• Goal of the exercise
In the records below, find the line with "大自然照明(NATURE)客厅吸顶灯2025新款简约现代超薄护眼全光谱大气大厅主灯中山灯具 【全光谱护眼光源】奶白色 40cm" and repeat it and every line after it, exactly, without any pictures.

********

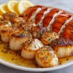 Succulent lobster tails and tender sea scallops are cooked to perfection with a rich and flavorful garlic butter sauce, finished under the broiler and in a hot skillet for a quick and elegant seafood dish perfect for any special occasion or weeknight dinner.
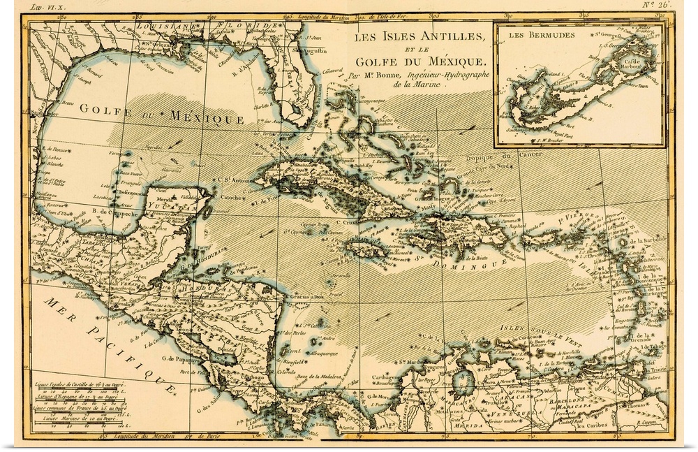 <p>Map Of The West Indies And The Mexican Gulf, Circa. 1760. From "Atlas De Toutes Les Parties Connues Du Globe Terrestre,"? By Cartographer Rigobert Bonne. Published Geneva, Circa. 1760.</p>
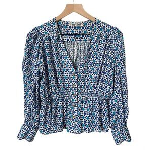 Ciao Lucia Blue White Silk Geometric Peplum Blouse V-Neck Long Sleeve Size XS
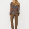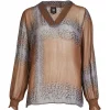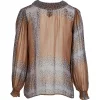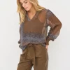 Blusa ligera y elegante con estampado gráfico y finos detalles. Tiene escote en V, manga larga y volantes. Su textura vaporosa le da una hermosa caída y la hace cómoda para usar todo el día.
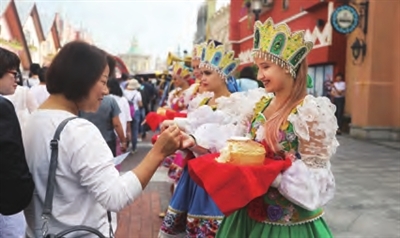 为进一步提升游客游览体验,航母主题公园的俄罗斯文化风情街将全新亮相,典型的欧式建筑搭配明艳亮丽的彩色涂装,营造一步一景的俄式风情。与往年不同的是,景区专门安排了俄式欢迎礼──“面包蘸盐”。身着盛装的俄罗斯姑娘将手捧大列巴面包,在入口处迎接每天的第一批入园游客,正所谓“不出国门便入俄境”。为契合“劳动节”主题,景区设有创意互动区,包括拍照墙、手印墙、绘画涂色墙,游客可在此共绘劳动之美。
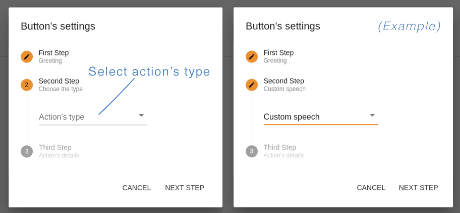 Step 2. Action’s type. You can create buttons with “Motion” type, corresponding to the blue circles, so that the robot makes a movement; or “Custom Speech type”, which is represented by an orange circle, so that the robot says the written text. In this example we chose “Custom speech”.
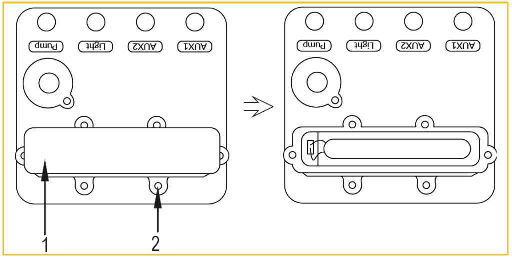 - [AUX1] [AUX2] Sockel für Batterie-Ladegerät (versiegelt)
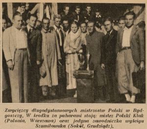 "W Bydgoszczy odbył się w niedzielę długodystansowy wyścig pływacki o mistrzostwo Polski, trasa wynosiła 5000 m. Wyścig odbył się na stojącej wodzie kanału bydgoskiego. Na starcie stanęło 12 pływaków z Warszawy, Krakowa, Wilna i Bydgoszczy." (Gazeta Robotnicza 1937, nr 227)
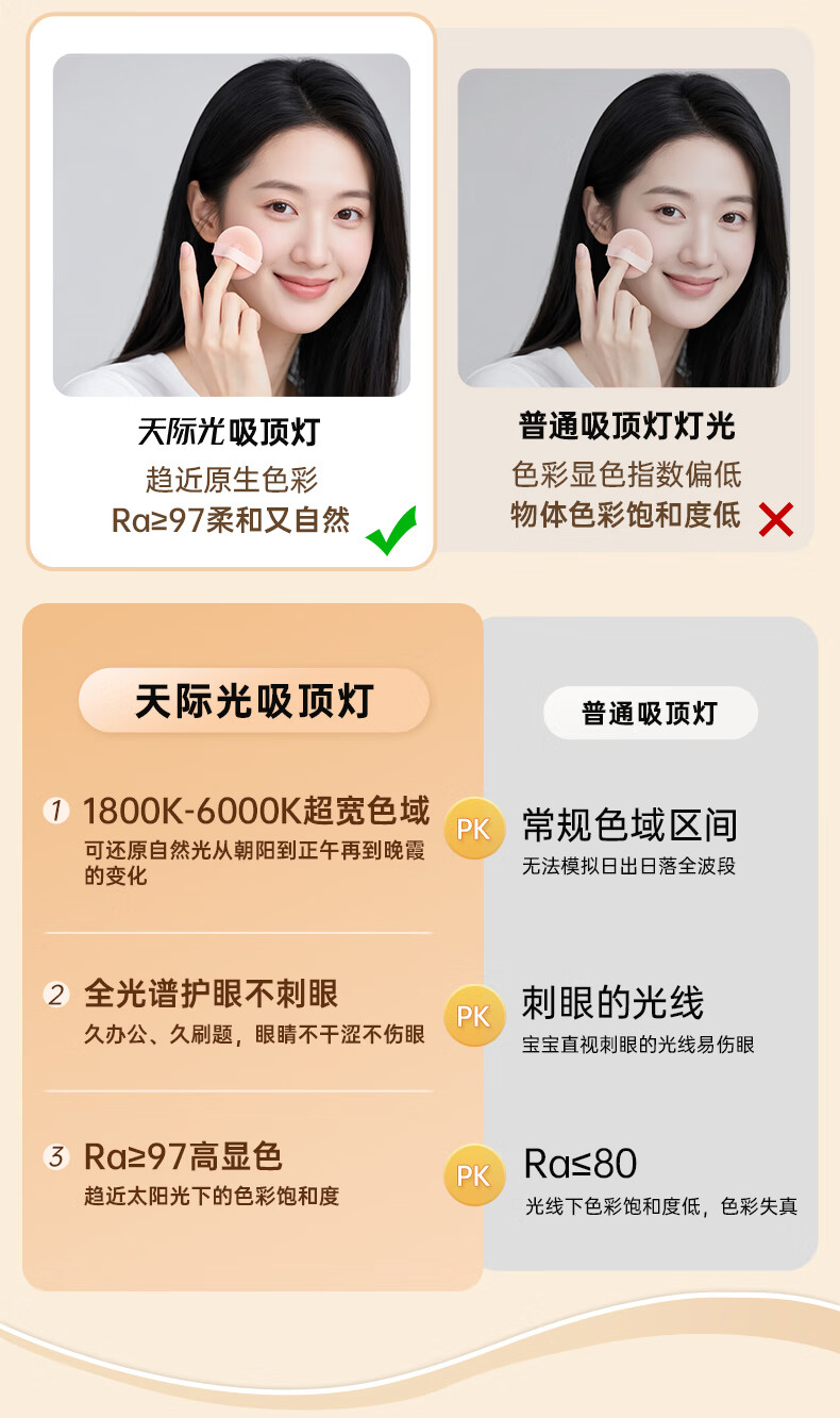 大自然照明(NATURE)客厅吸顶灯2025新款简约现代超薄护眼全光谱大气大厅主灯中山灯具 【全光谱护眼光源】奶白色 40cm 三色变光
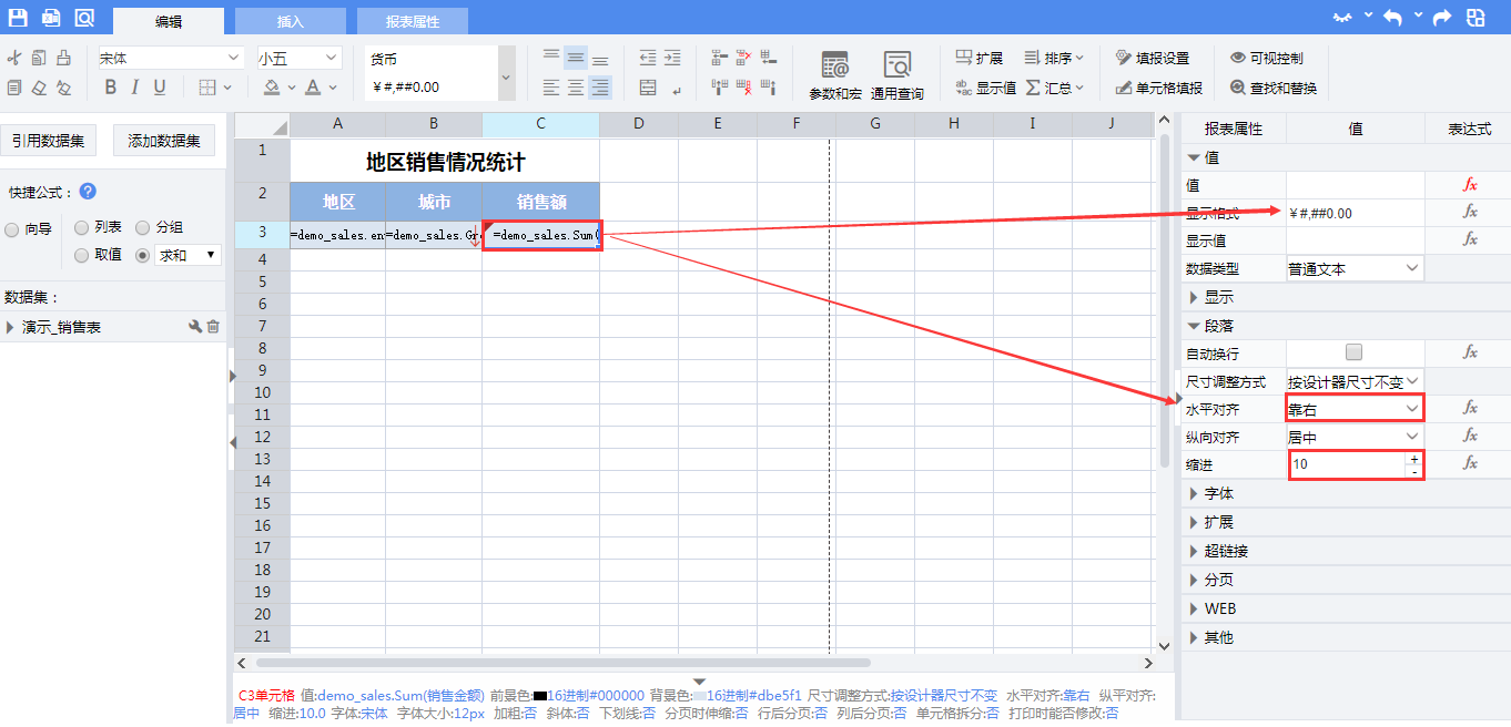 设置C3单元格的显示格式为¥#,##0.00,水平对齐方式为靠右,并设置缩进。
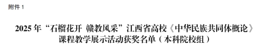 近日,江西省教育厅公布了2025年“石榴花开 赣教风采”江西省高校《中华民族共同体概论》课程教学展示活动的评选结果,经学校遴选推荐、视频展示、现场教学评审等多个环节的激烈角逐,申搏官网思政课教师杨渝博士荣获本科院校组三等奖。
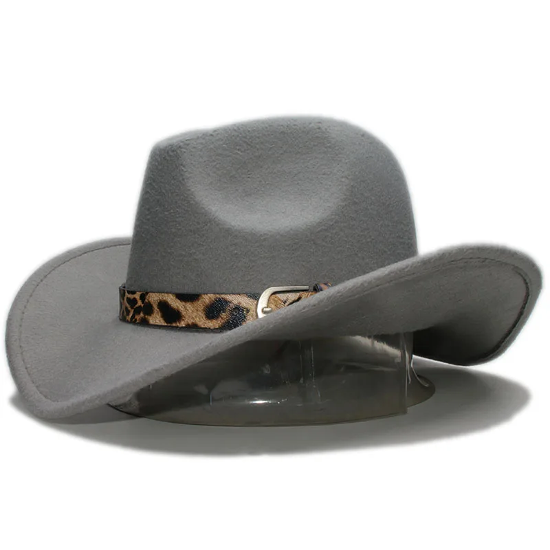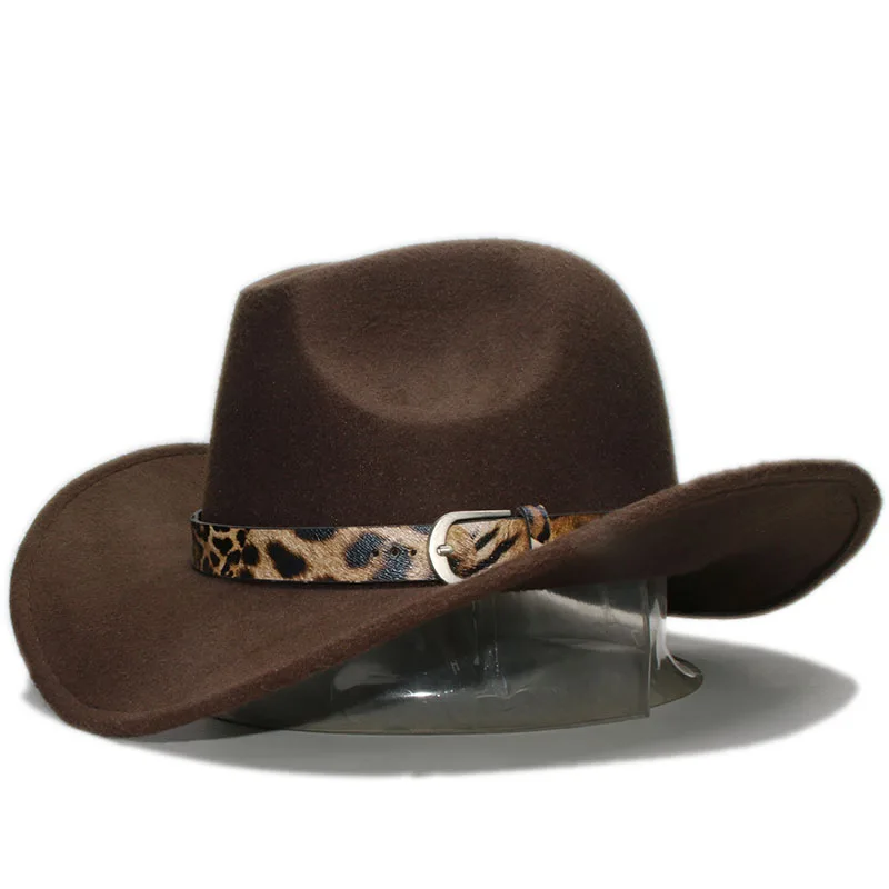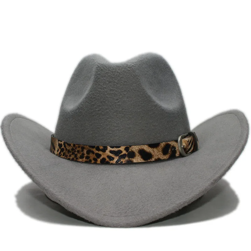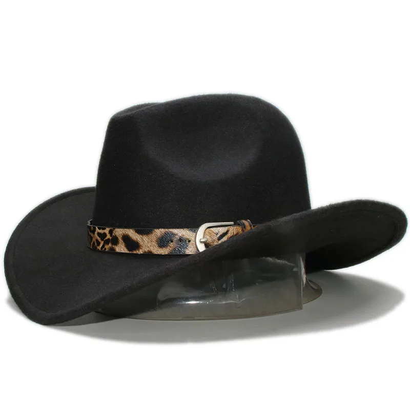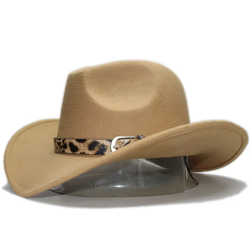Шляпа для родителей и детей, шерстяная, ковбойская, в стиле ретро, с широкими полями, кожаная с леопардовым принтом дюйма, унисекс, ковбойская, ковбойская (54-57-61 см)
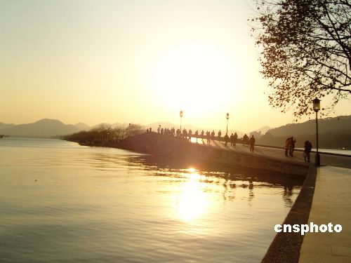 2009年1月1日,杭州西湖美景如畫,美麗的西湖被染成了金黃色,也吸引了眾多游人駐足。中新社發(fā) 王磊 攝
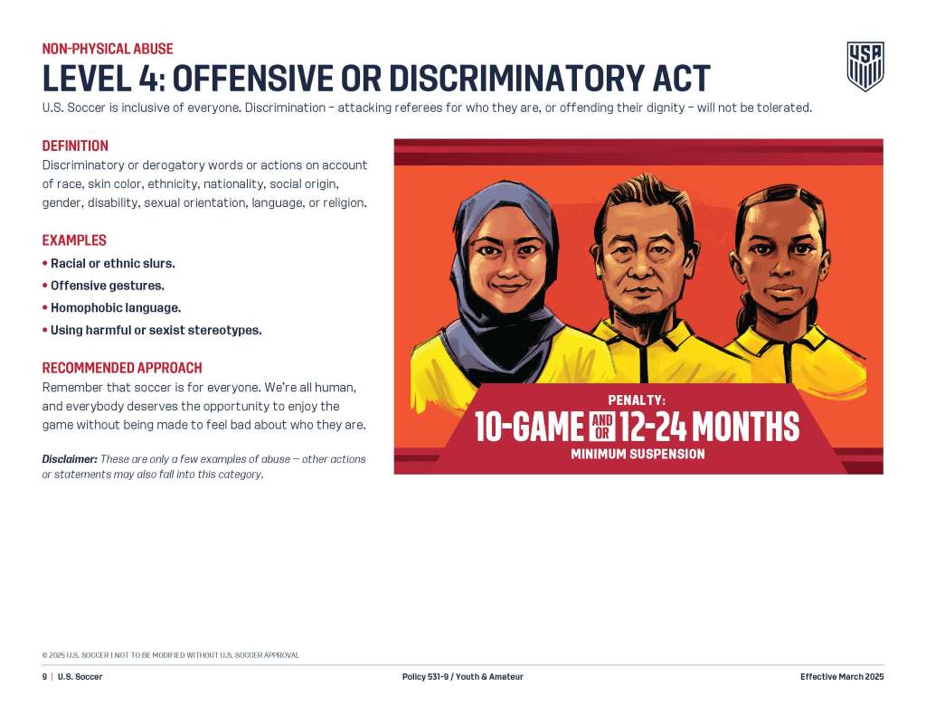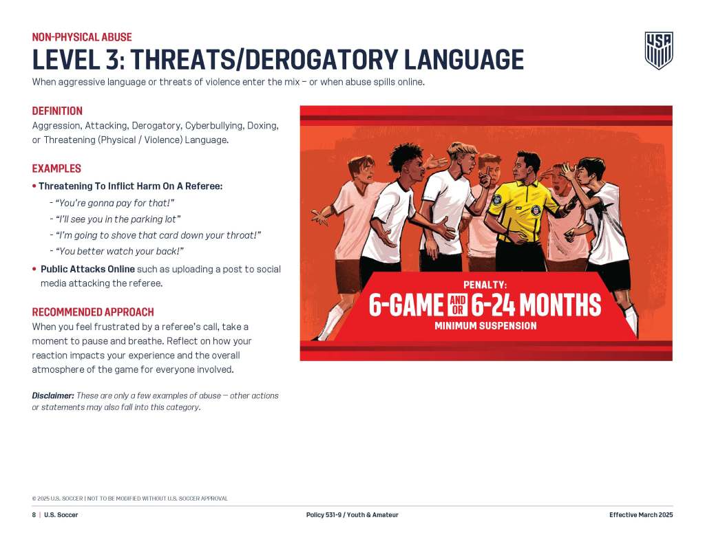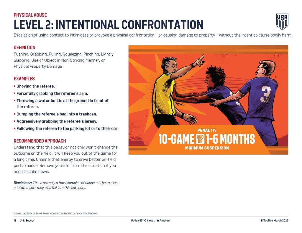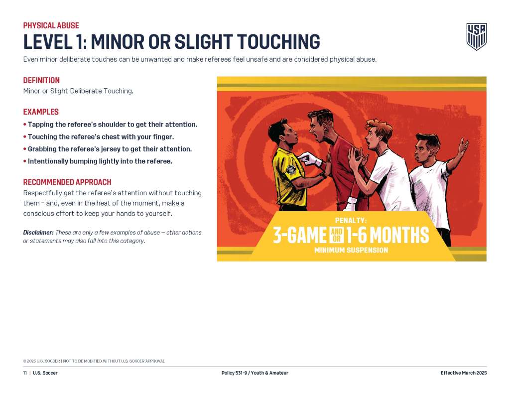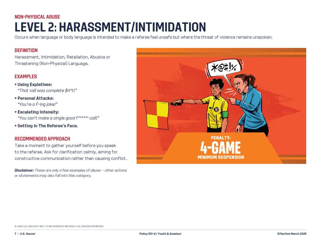U.S. Soccer’s updated Referee Abuse Prevention Policy (Policy 531-9) is in effect. This policy update includes clearer definitions for physical and non-physical abuse – as well as stronger suspensions for reported referee abuse.
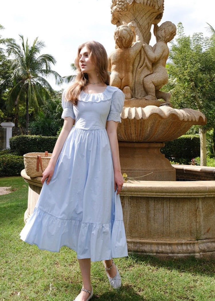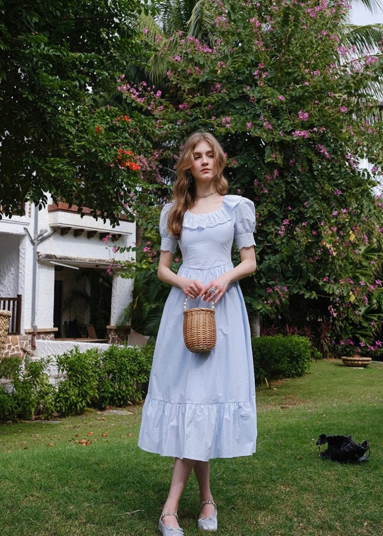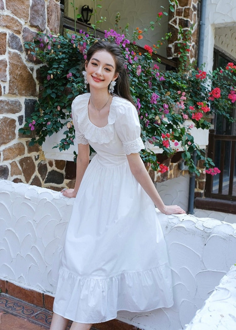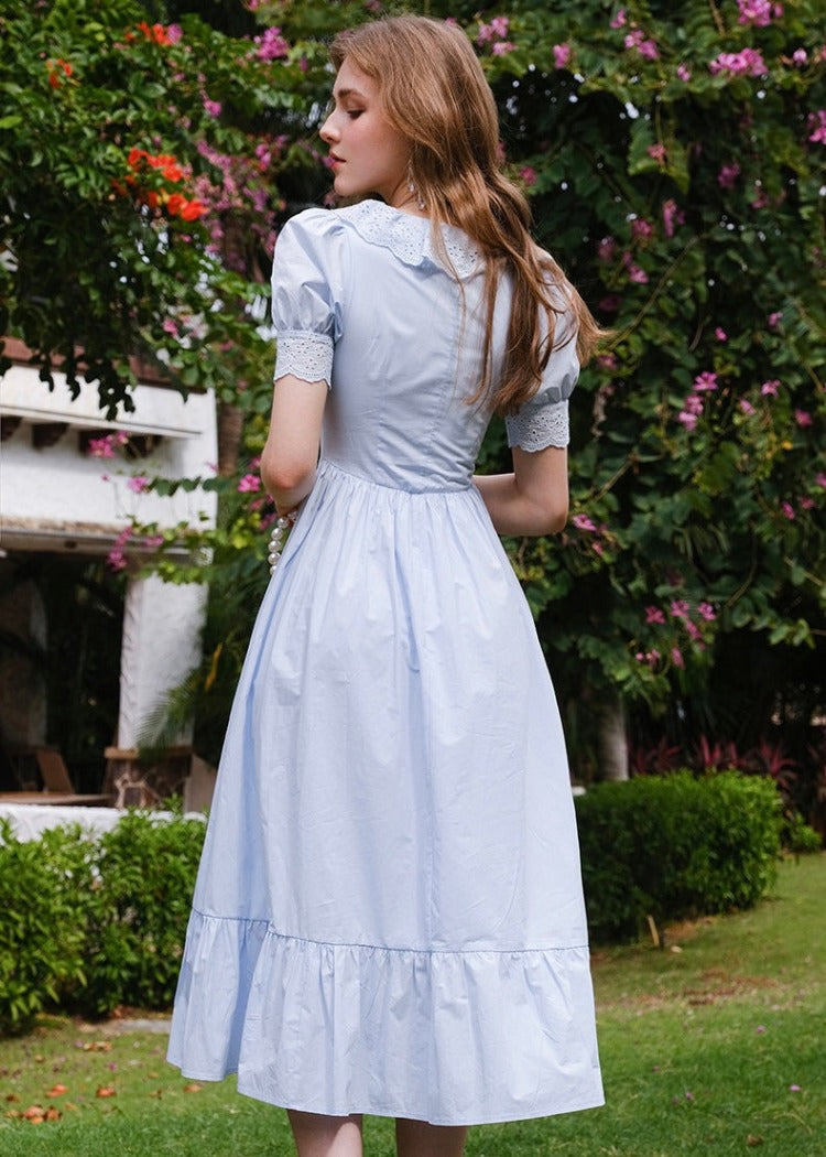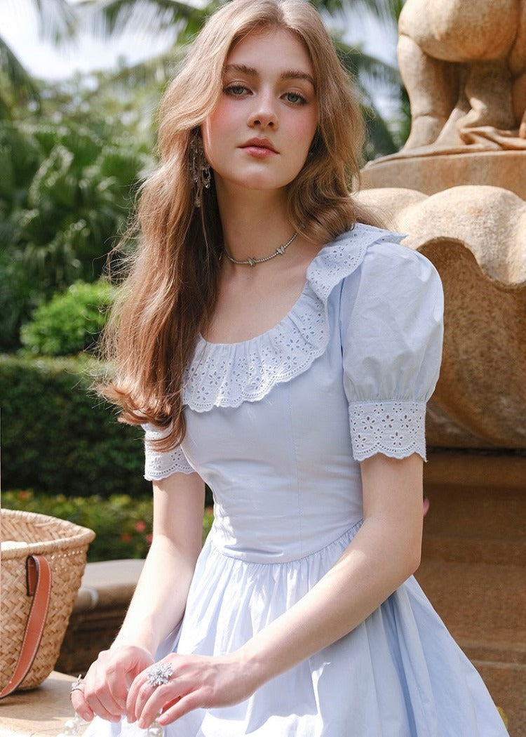 所々にフェミニン要素を取り入れ、どこから見ても抜かりない可愛さを演出する大きめな襟デザインがポイントのドレス。

********

• Completed exercise
 大自然照明(NATURE)客厅吸顶灯2025新款简约现代超薄护眼全光谱大气大厅主灯中山灯具 【全光谱护眼光源】奶白色 40cm 三色变光
 设置C3单元格的显示格式为¥#,##0.00,水平对齐方式为靠右,并设置缩进。
 近日,江西省教育厅公布了2025年“石榴花开 赣教风采”江西省高校《中华民族共同体概论》课程教学展示活动的评选结果,经学校遴选推荐、视频展示、现场教学评审等多个环节的激烈角逐,申搏官网思政课教师杨渝博士荣获本科院校组三等奖。
Шляпа для родителей и детей, шерстяная, ковбойская, в стиле ретро, с широкими полями, кожаная с леопардовым принтом дюйма, унисекс, ковбойская, ковбойская (54-57-61 см)
 2009年1月1日,杭州西湖美景如畫,美麗的西湖被染成了金黃色,也吸引了眾多游人駐足。中新社發(fā) 王磊 攝
U.S. Soccer’s updated Referee Abuse Prevention Policy (Policy 531-9) is in effect. This policy update includes clearer definitions for physical and non-physical abuse – as well as stronger suspensions for reported referee abuse.
 所々にフェミニン要素を取り入れ、どこから見ても抜かりない可愛さを演出する大きめな襟デザインがポイントのドレス。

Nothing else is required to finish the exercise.